*Assigned task:*
The entries below should be set down again exactly, with every picture left out.

*Source material:*
++++++

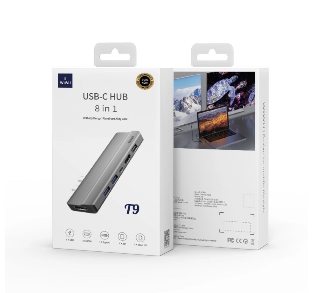 - Di động & Dễ sử dụng Thông tin chi tiết: Thương hiệu: WiWu Tên condut: Bộ điều hợp đa cổng HUB 7 trong 1 Type-C Mô hình sản phẩm: T9 Vật chất: Ngôi nhà nhôm, PCB, Đầu nối Đầu ra giao diện: 1x cổng USB Type-C, 3x cổng USB Type-A, 2x cổng HDMI 2x, 1x Cổng thẻ SD, 1x cổng thẻ TF Video độ phân giải (cổng đầu ra HD): Lên đến 4K UHD (3840x2160 @ 30Hz) hoặc 2K / 1080p / 720p / 480p / 360p Video độ phân giải (Thunderbolt 3 cổng): Lên đến 4K (3840x2160 @ 60Hz) Dữ liệu truyền tốc độ (Cổng USB 3.0 siêu tốc): Lên đến 5Gbps Tiêu chuẩn: Q / JMS 005-201
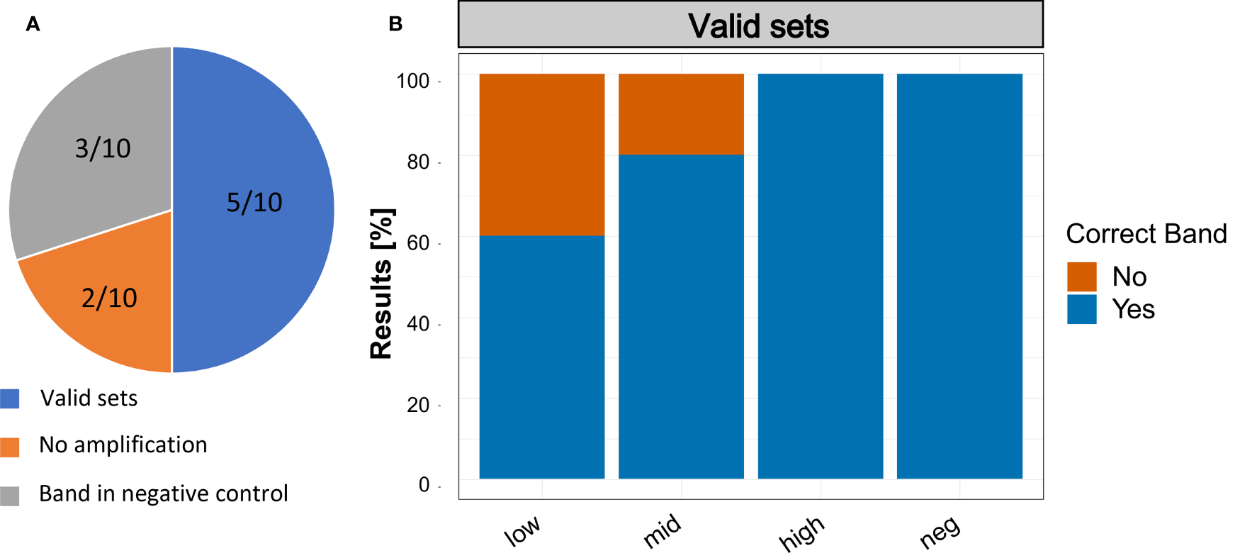 Results of the Recombinase Polymerase Amplification trials with non-scientist users. (A) Summary of the results reported by the participants. Valid sets: Participants that had no band in the negative control and a band in at least one of the three samples with Sabella spallanzanii DNA; No Amplification: Participants that did not report an amplification in any of the samples; Band in negative control: Participants that reported a band in the negative control. (B) Reported results of participants with ‘Valid sets’.
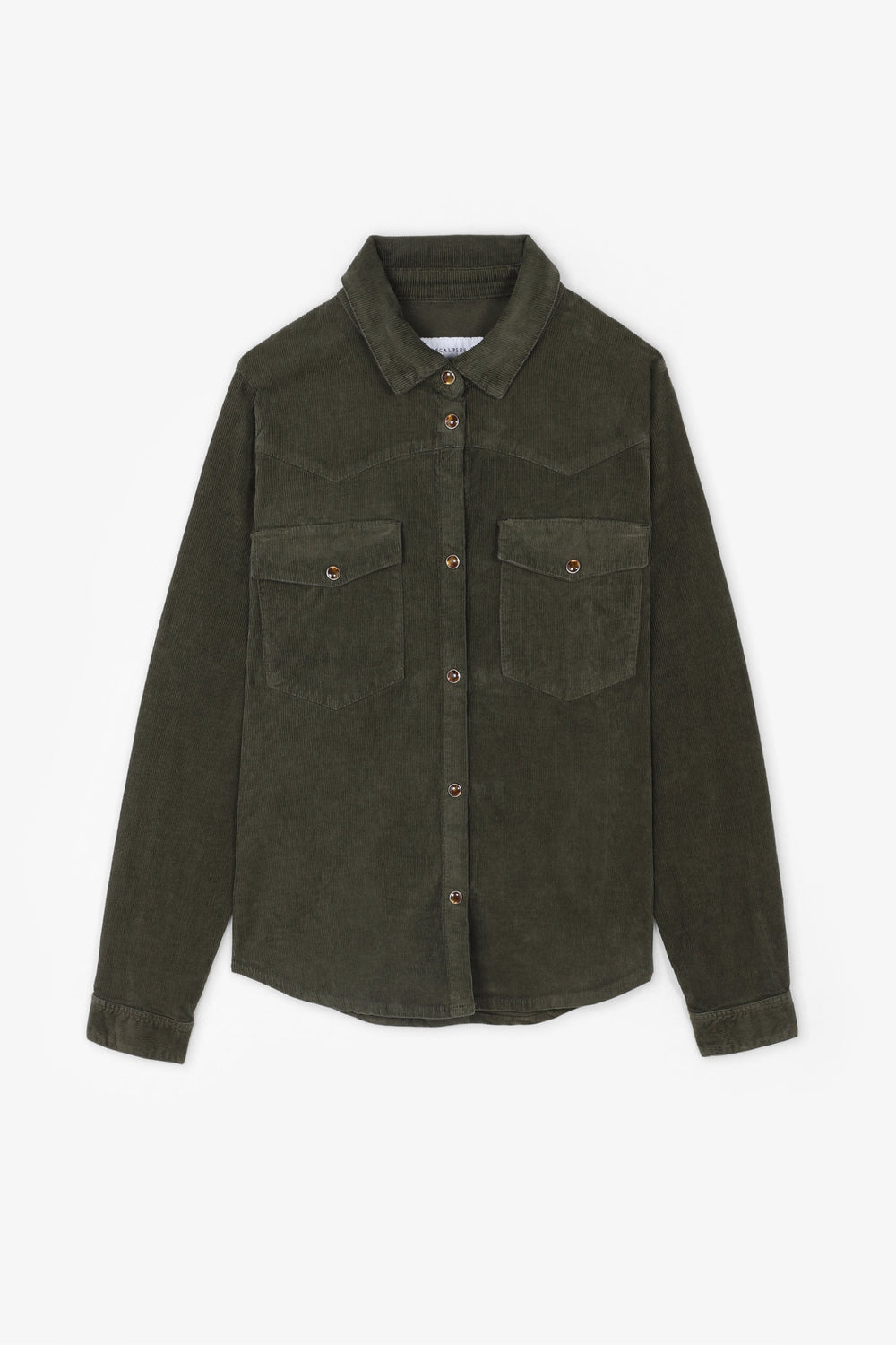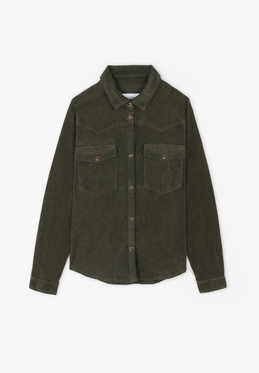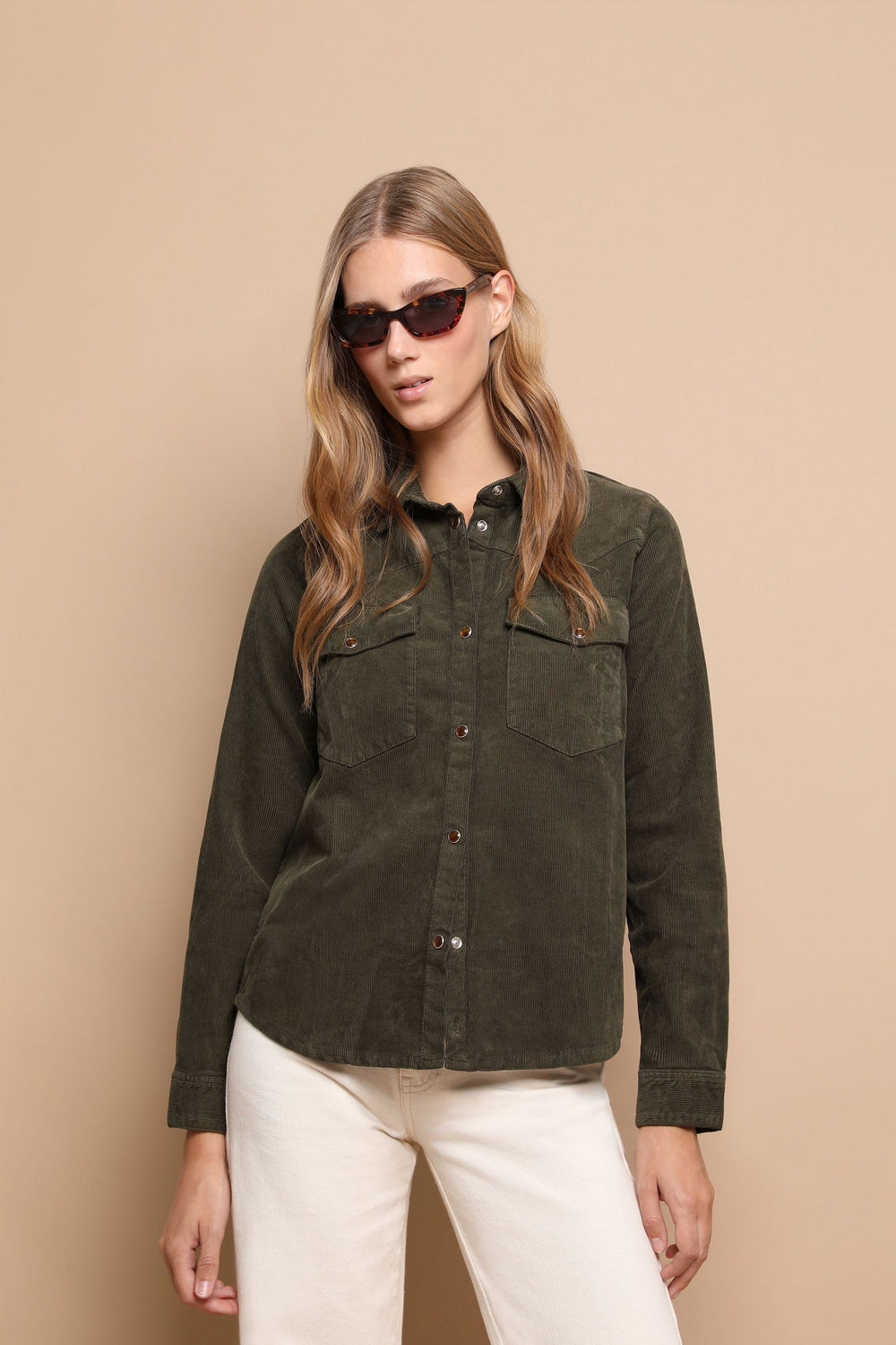 Corduroy shirt made of slightly stretch cotton fabric. Regular fit, classic collar and snap-button fastening. Long sleeves and flap pockets.
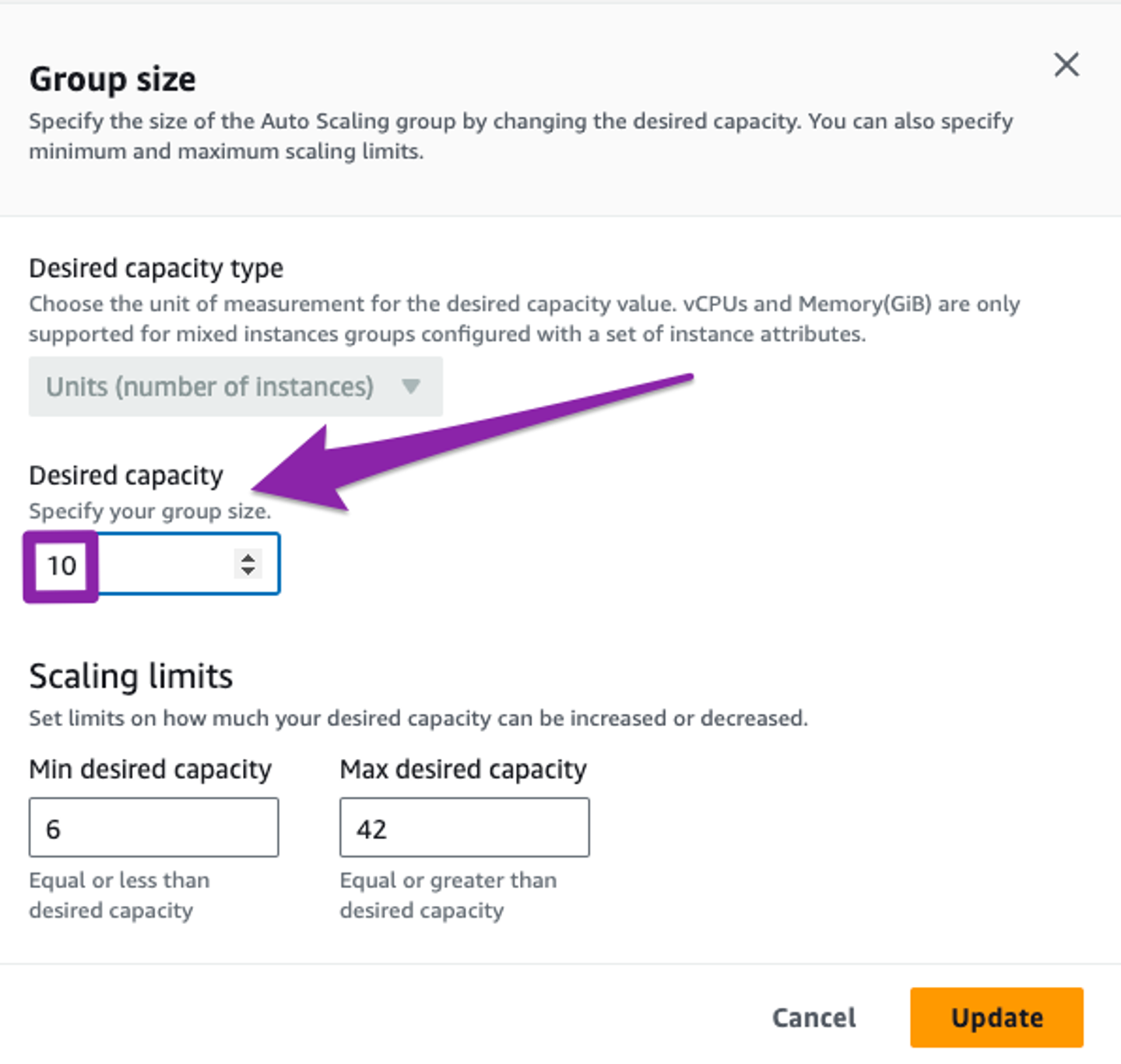 Select Update to save the updated settings to initiate scaling operations.
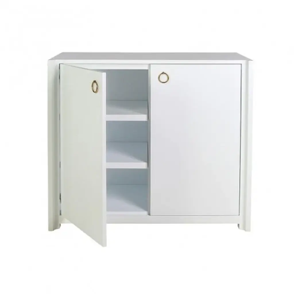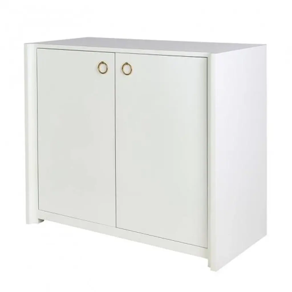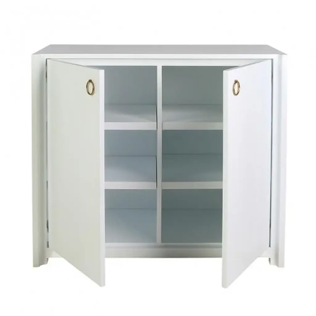 Made from birch wood, two cabinet doors are ready to store and conceal your items. Boasting a simplistic silhouette, this two-door cabinet will improve your living room or home office. Finish: White Painted Lacquer Material: Birchwood 38”w x 18.5”d x 32.5” 15 lbs 2 doors, 6 shelves Free Shipping in the U.S.
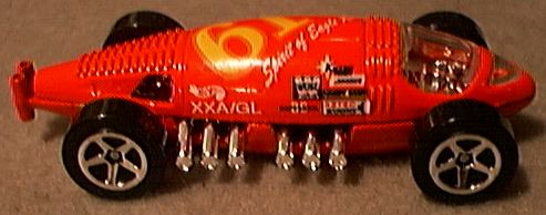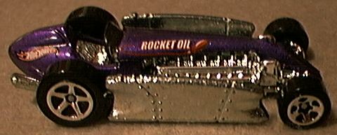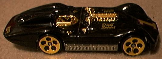 | Turbolence "Dayla Special" A world record speed car like Sir Malcolm Campbell's Bluebird models With it's V12 aircraft engine, this sleek racer can only be a model for attempting new speed records. While the shape of this model is not the same as the Bluebird of Sir Malcolm Campbell, they shares V12 aircraft power. The 'Dayla Special' and 'Turbolence' names seem to be pure invention from Hot Wheels. This model would have to be in much smaller scale than the others featured here, perhaps 1:72 scale. The wheels are still to wide but hidden under the body, they are not as distracting. |
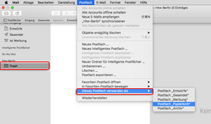 Select the appropriate mail folder, e.g. "Trash" and then click on "Mailbox" in the menu → "Use this mailbox as" and select the appropriate mailbox, e.g. "Trash".
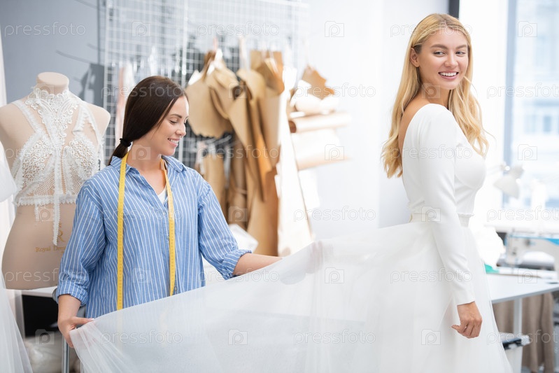 Школьница корректирует юбку на платье
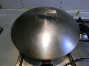 加入大葱,盖上盖子焖1至2分钟,收干汁水后盛出
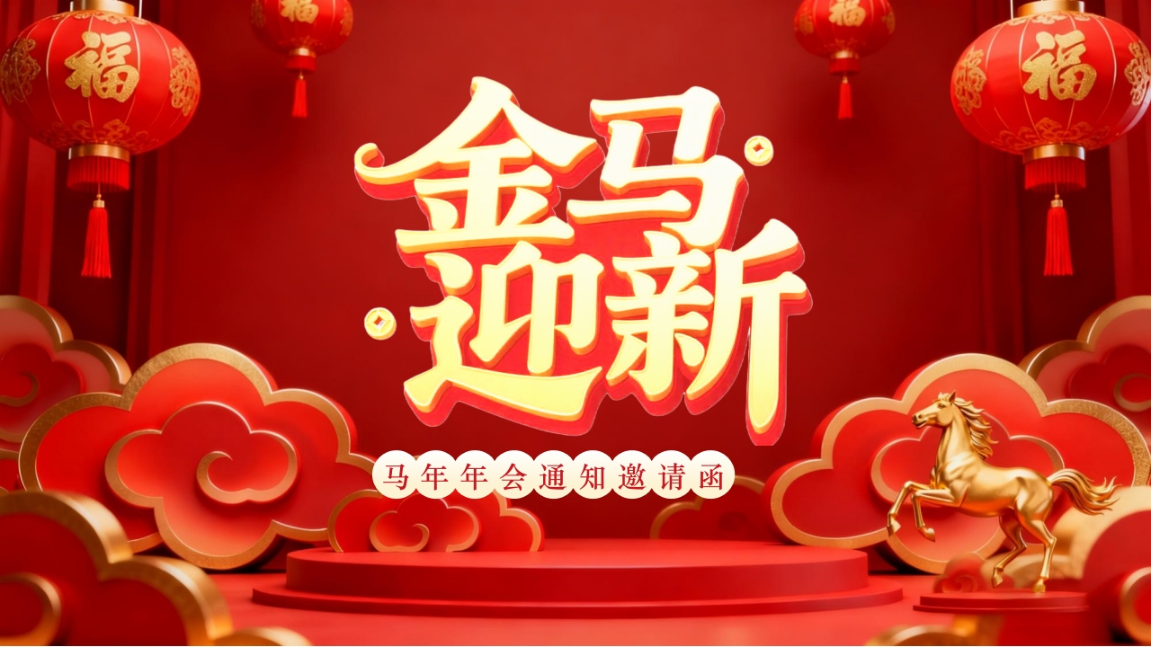 首页PPT模板红色喜庆风马年年会通知邀请函PPT模板
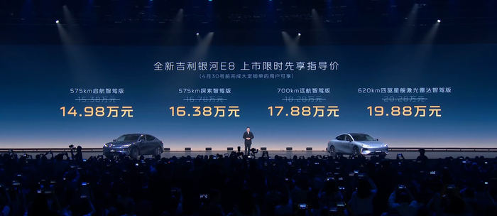 3月3日晚间,新款吉利银河E8正式上市,官方指导价15.38万元起,限时14.98万起售。
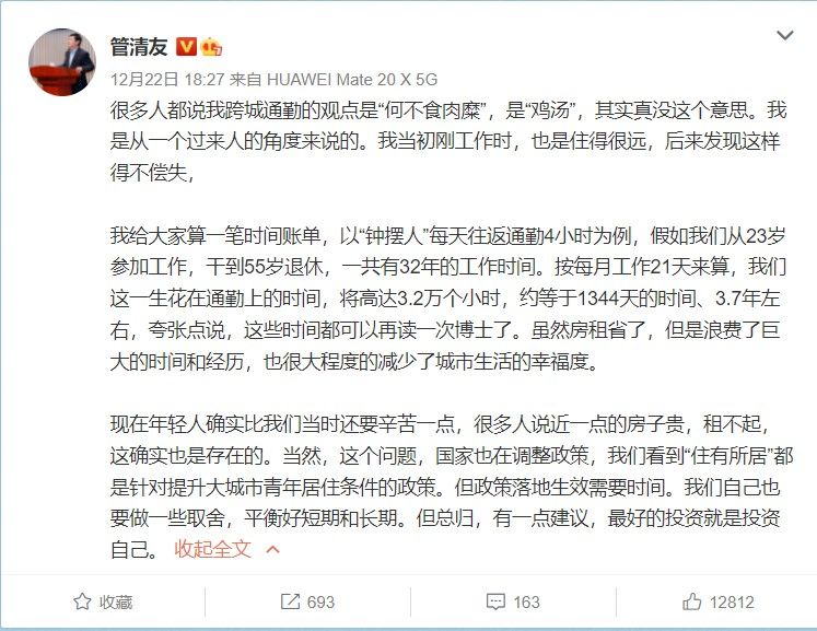 日前,经济学家管清友的一番言论引起了网民的热议。他认为,年轻人在刚刚参加工作的时候,要把时间有效利用好,与其每天上班两个小时通勤,不如在公司附近租房子住,这比在偏远的郊区买一个房子更划算,投资自己的回报率是最高的。
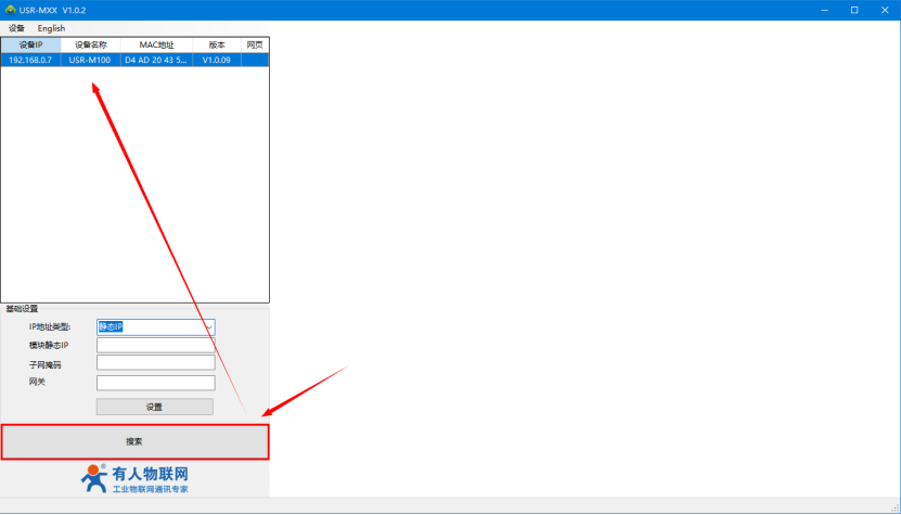 用配置軟件搜索M100設(shè)備,單擊搜索,搜搜到設(shè)備后雙擊設(shè)備。
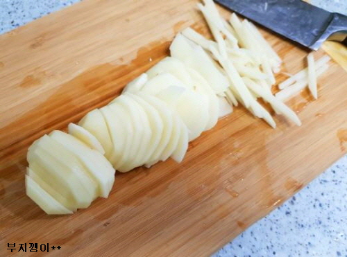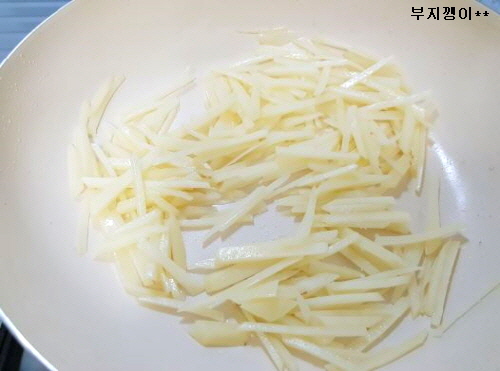 기름 두른 팬에 감자를 80%쯤 익도록 중간에 소금 넣어 볶다가

++++++

*Your solution:*
 - Di động & Dễ sử dụng Thông tin chi tiết: Thương hiệu: WiWu Tên condut: Bộ điều hợp đa cổng HUB 7 trong 1 Type-C Mô hình sản phẩm: T9 Vật chất: Ngôi nhà nhôm, PCB, Đầu nối Đầu ra giao diện: 1x cổng USB Type-C, 3x cổng USB Type-A, 2x cổng HDMI 2x, 1x Cổng thẻ SD, 1x cổng thẻ TF Video độ phân giải (cổng đầu ra HD): Lên đến 4K UHD (3840x2160 @ 30Hz) hoặc 2K / 1080p / 720p / 480p / 360p Video độ phân giải (Thunderbolt 3 cổng): Lên đến 4K (3840x2160 @ 60Hz) Dữ liệu truyền tốc độ (Cổng USB 3.0 siêu tốc): Lên đến 5Gbps Tiêu chuẩn: Q / JMS 005-201
 Results of the Recombinase Polymerase Amplification trials with non-scientist users. (A) Summary of the results reported by the participants. Valid sets: Participants that had no band in the negative control and a band in at least one of the three samples with Sabella spallanzanii DNA; No Amplification: Participants that did not report an amplification in any of the samples; Band in negative control: Participants that reported a band in the negative control. (B) Reported results of participants with ‘Valid sets’.
 Corduroy shirt made of slightly stretch cotton fabric. Regular fit, classic collar and snap-button fastening. Long sleeves and flap pockets.
 Select Update to save the updated settings to initiate scaling operations.
 Made from birch wood, two cabinet doors are ready to store and conceal your items. Boasting a simplistic silhouette, this two-door cabinet will improve your living room or home office. Finish: White Painted Lacquer Material: Birchwood 38”w x 18.5”d x 32.5” 15 lbs 2 doors, 6 shelves Free Shipping in the U.S.
 | Turbolence "Dayla Special" A world record speed car like Sir Malcolm Campbell's Bluebird models With it's V12 aircraft engine, this sleek racer can only be a model for attempting new speed records. While the shape of this model is not the same as the Bluebird of Sir Malcolm Campbell, they shares V12 aircraft power. The 'Dayla Special' and 'Turbolence' names seem to be pure invention from Hot Wheels. This model would have to be in much smaller scale than the others featured here, perhaps 1:72 scale. The wheels are still to wide but hidden under the body, they are not as distracting. |
 Select the appropriate mail folder, e.g. "Trash" and then click on "Mailbox" in the menu → "Use this mailbox as" and select the appropriate mailbox, e.g. "Trash".
 Школьница корректирует юбку на платье
 加入大葱,盖上盖子焖1至2分钟,收干汁水后盛出
 首页PPT模板红色喜庆风马年年会通知邀请函PPT模板
 3月3日晚间,新款吉利银河E8正式上市,官方指导价15.38万元起,限时14.98万起售。
 日前,经济学家管清友的一番言论引起了网民的热议。他认为,年轻人在刚刚参加工作的时候,要把时间有效利用好,与其每天上班两个小时通勤,不如在公司附近租房子住,这比在偏远的郊区买一个房子更划算,投资自己的回报率是最高的。
 用配置軟件搜索M100設(shè)備,單擊搜索,搜搜到設(shè)備后雙擊設(shè)備。
 기름 두른 팬에 감자를 80%쯤 익도록 중간에 소금 넣어 볶다가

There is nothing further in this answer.